This is because, the smaller the difference between a prediction of
the image and the image, the more it will be able to be compressed
effectively, that is to say with a good rate/distortion compromise,
or, in an equivalent manner, a good ratio of compression ratio to
reconstruction quality.
[0043] The motion estimation module 11 calculates, for each even
and odd pair of images, a motion field, for example and
non-limitingly, by a matching of blocks in an odd image to an even
image. This technique is known by the term "block matching".
Naturally, other techniques can be used such as for example the
technique of motion estimation by meshing. Thus a matching of
certain pixels of the even source images is carried out with pixels
of the odd image. In the particular case of an estimation by block,
the value of the motion of the block can be allocated to each pixel
and to each subpixel of the block of the odd image.
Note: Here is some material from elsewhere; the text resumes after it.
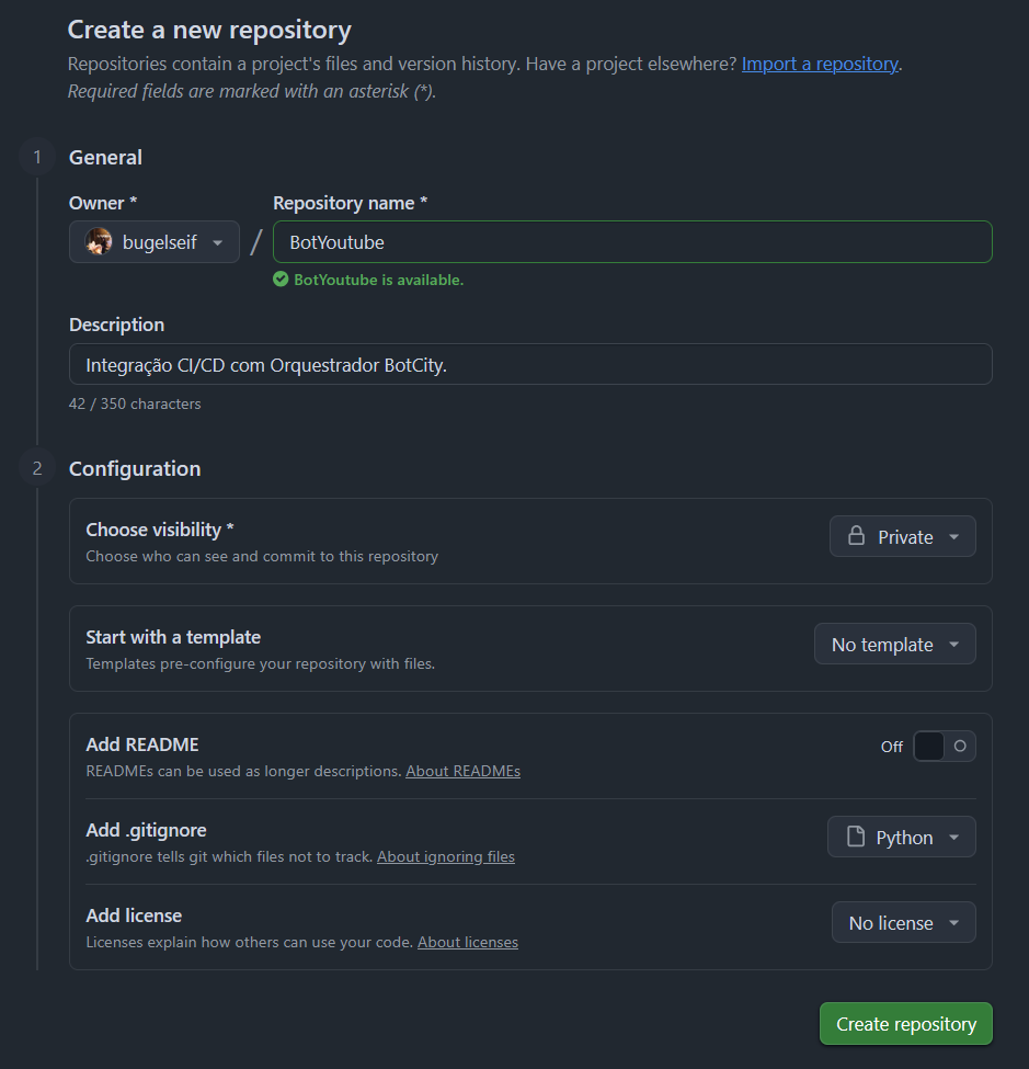 - Public ou Private: Se você deseja que o repositório seja público ou privado, pode marcar como

In a variant,
the weighted motion vector of the block and the weighted motion
vectors of the neighbour blocks are allocated to each pixel of the
block according to the technique known by the term OBMC (Overlapped
Block Motion Compensation).
[0044] The motion compensated temporal filtering module 100
performs a discrete wavelet decomposition of images in order to
decompose the video image sequence into several temporal sub-bands
distributed over one or more resolution levels. The discrete
wavelet decomposition is applied recursively to the low-frequency
sub-bands of the temporal sub-bands as long as the required
decomposition level has not been achieved. The decision module 12
of the motion compensated temporal filtering video coder 10
determines whether or not the required decomposition level has been
reached.
[0045] The various frequency sub-bands obtained by the motion
compensated temporal filtering module 100 are transferred to the
scalable data stream generating module 13. The motion estimation
module 11 transfers the motion estimations to the scalable stream
generating module 13, which composes a scalable data stream 18 from
the various frequency sub-bands and motion estimations.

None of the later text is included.